Как оказалось, портрет стула создан вскоре после панического бегства Гогена (в письмах с ним «рифмуются» – фехтовальные перчатки), в качестве пары к пустому креслу Поля («Кресло Гогена»). Пустое кресло, вполне себе импозантное, с подлокотниками, написано в темноте на фоне зелёной стены, ярко освещённой лампой (как любил говаривать Ван Гог, «ночной эффект», effet de nuit). «Это этюд его кресла, тёмного красно-коричневого дерева, сиденье же из зеленоватой соломы, а на месте отсутствующего – горящая свеча, да несколько современных романов»[61]. Романы, брошенные небрежно, для Ван Гога, как и для Генри Джеймса, содержали намёк на французские шалости. Для Ван Гога, кроме того, они ассоциировались с жизнью. Когда умер отец-пастор, Винсент написал его массивную Библию, написал сумеречно, с двумя погасшими свечами, не сразу и заметишь, что у подножия Писания приютилась тоненькая жёлтая книжица – роман Золя «Радость жизни». В Париже, учась цвету вместе с Тео, он создаёт прекрасный «Натюрморт с книгами», россыпь парижских романов в лёгких жёлтых обложках на ясном, сияюще-розовом фоне. (А за ними, в воображении – тяжёлые тома, тускло-пыльные, поеденные червями, с аллегорических натюрмортов голландских мастеров, напоминавшие о суетности, тщете человеческих желаний, о смерти.) «Кресло Гогена», осознал Александр, с его ночной палитрой красновато-коричневых и мрачно-зелёных оттенков, со всем его «ночным эффектом» освещения, напоминает непотребное «Ночное кафе» (и – косвенно – бордели, куда двое художников являлись столь часто за натурой, право, за чем же ещё? – бордели, бывшие сценой триумфов Гогена и неудач Винсента). В «Ночном кафе», говорит Винсент, «я попытался выразить посредством красного и зелёного ужасающие страсти человечества»[62].

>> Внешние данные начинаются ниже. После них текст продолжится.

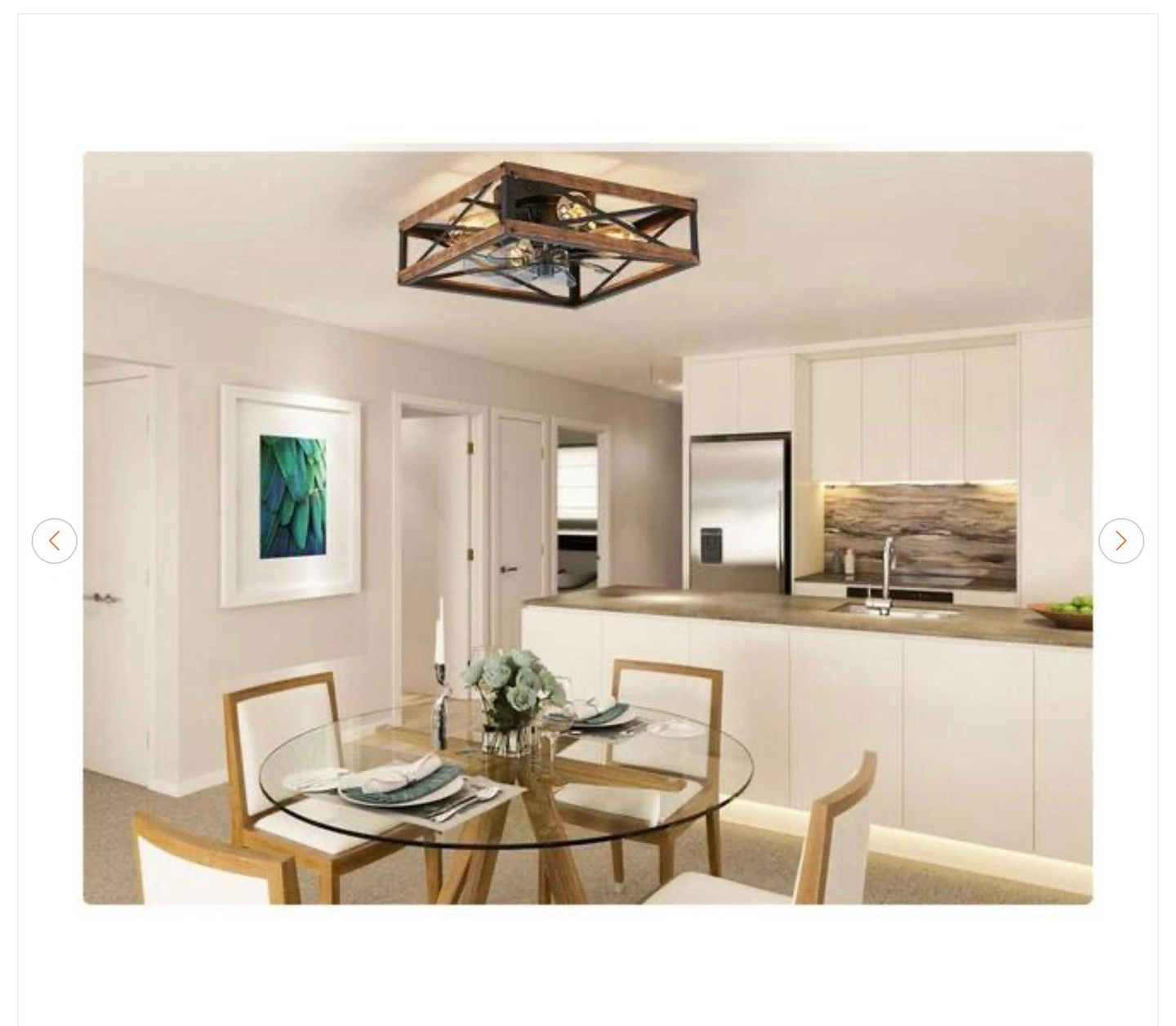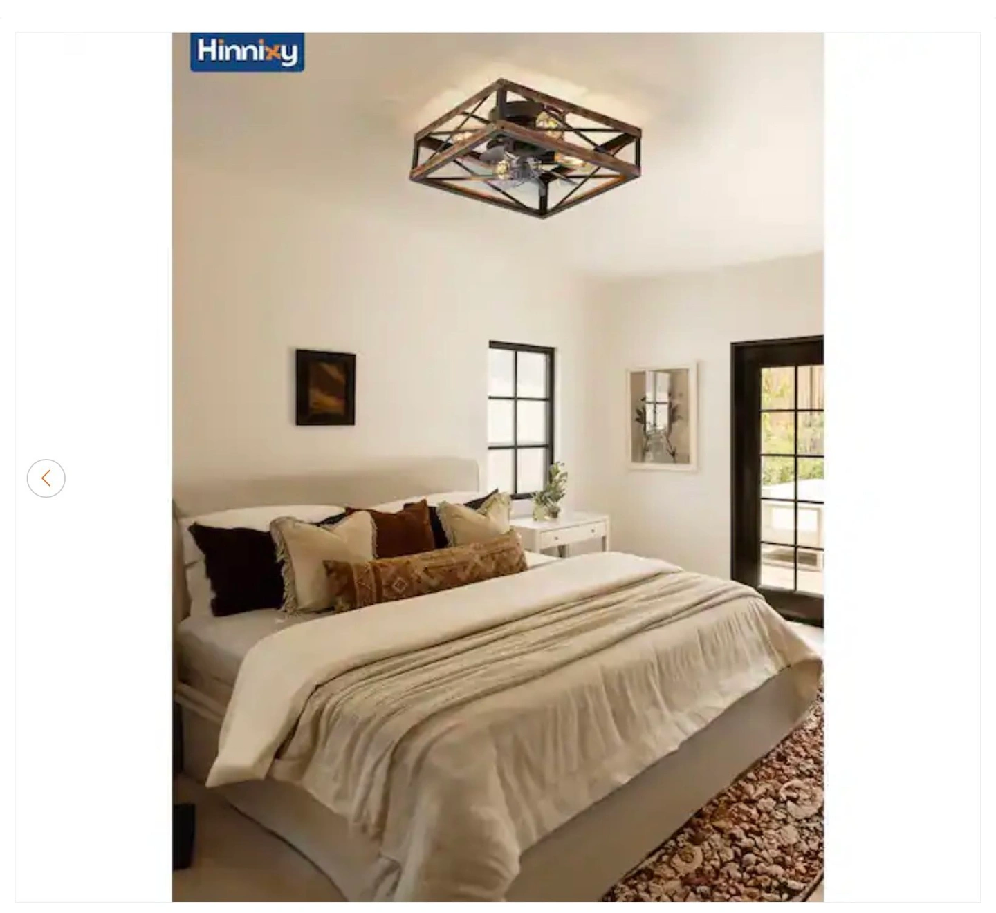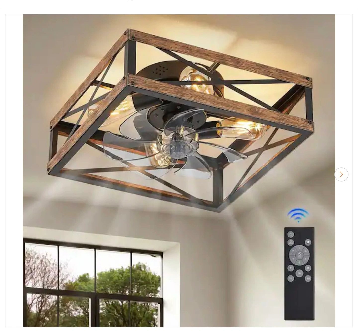 This is a new 16-inch indoor brown caged ceiling fan that comes with a remote control. Feel free to message me if you have any questions!
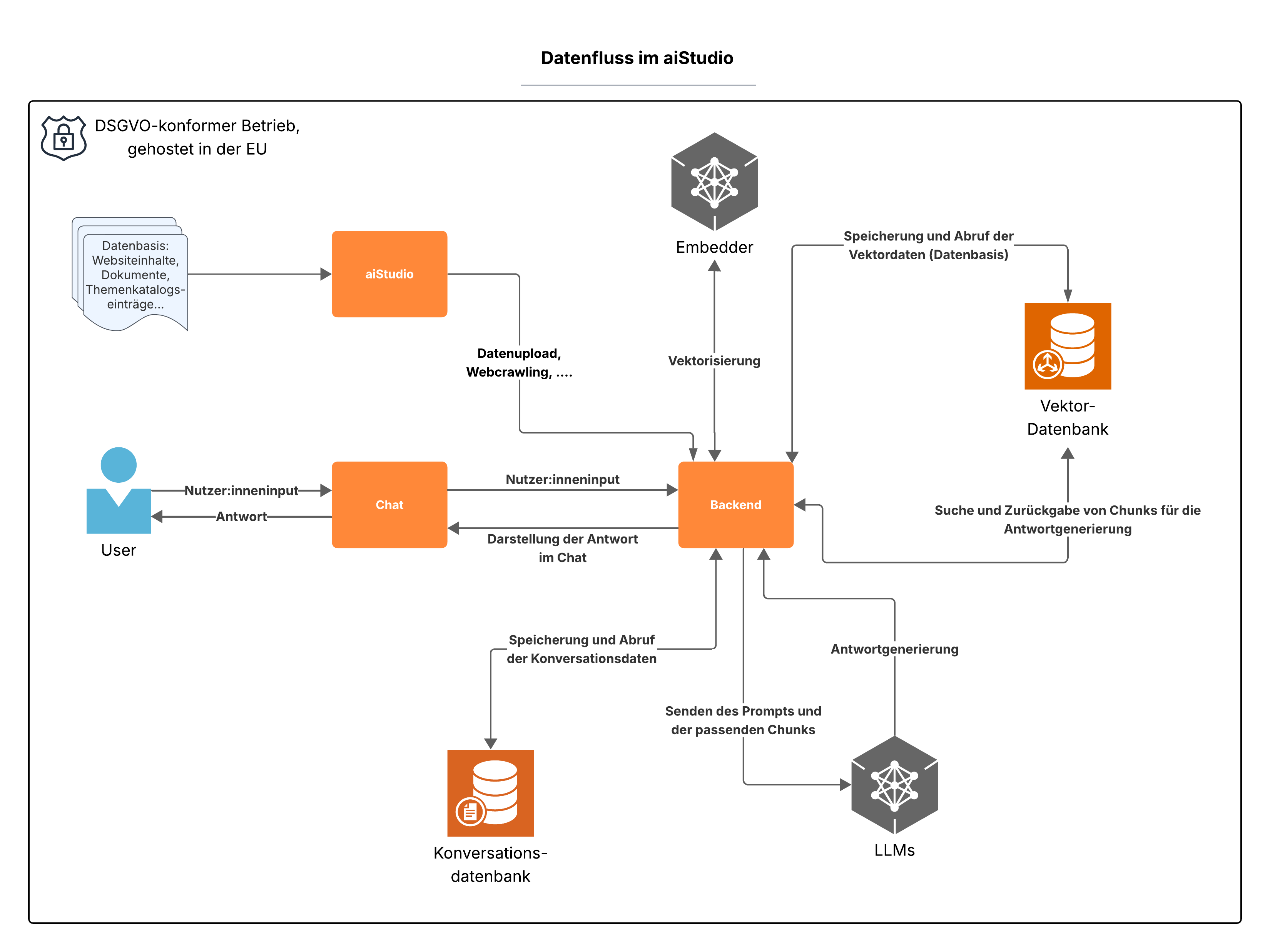 Die folgende Grafik bietet eine detaillierte Übersicht über die Datenverarbeitung innerhalb des aiStudios, wobei besonderes Augenmerk auf den Weg der Informationen von der Quelle bis zur Ausgabe gelegt wird. Der Prozess beginnt mit einer umfassenden Datenbasis, die Websiteinhalte, Dokumente und Themenkatalogeinträge umfasst. Diese Daten werden in aiStudio hochgeladen oder durch Webcrawling erfasst. Anschließend werden die Daten durch den Embedder vektorisiert, um sie für die weitere Verarbeitung vorzubereiten.

А что же соломенный стул? Синий цвет, жёлтый цвет образуют цветовой контрапункт. Чист соломенный стул, спинка его бесхитростно-пряма, и не свечка колом стоит на его сиденье, а лежит понурая, погасшая трубка. Что же это – свет тихий, чистота, обретённая чудом нормальность?.. В Сен-Реми, в монастырской больнице, он опять напишет этот, но уже словно тлеющий стул, на котором сидит старик в светло-синей одежде – сокрушённый, уронивший голову на руки – подле хрупких веточек пламени. В этих образах – то, чего сам Александр желал для своих творений, но пока не сумел им дать: высшая правда, высшей правды. Художнику же оказалось под силу сотворить из красок стул, который стал словом Винсента, вместившим его оторопь и надежду, и подспудные мысли о культуре Европы, о севере, юге, о самой Церкви. Соломенный стул – антипод безумных мессианских голосов и видений…
Голова писателя – вместилище тем и мотивов. Вышагивая по дорожке огорода Кроу, то подходя к водяному резервуару (где поныривали на редкость крупные шарики-головастики с малодвижными губками, но проворными хвостиками), то отдаляясь от него, Александр иногда изумлялся причудливому контрапункту, звучавшему в голове. Сердце Кабестана, ухо Винсента, глотки солдат, схвативших иприта, маки, проросшие, по слову поэтов Брука, Маккрея, меж солдатских могил в полях Первой мировой, дама сердца трубадура, будто роза иль ночная фиалка, ирисы Ван Гога, ярость, ревность, боязнь, ярости и ревности боязнь, ужас, праведный гнев, святая жалость – всё это ему блазнилось и пело одновременно. Иногда же, перед четвёртым или пятым бокалом «кот-дю-рон», который положит предел мыслям, он думал с чувством смутной вины – о полях Фландрии, с чувством бессилия – о лесах, где рыщут волки, и с особенным, соблазнительным, тайным восторгом, с приливом сил из неведомого источника в душе – о холодном бахвальстве Гогена и о двух голосах Винсента. После этого он чаще всего отправлялся на боковую. Порою же сочинял и записывал строки стихов о цвете в живописи. И совсем, совсем не думал о Фредерике Поттер. Ибо, хотя и искал время от времени утех, Эротовы стрелы ранили его редко.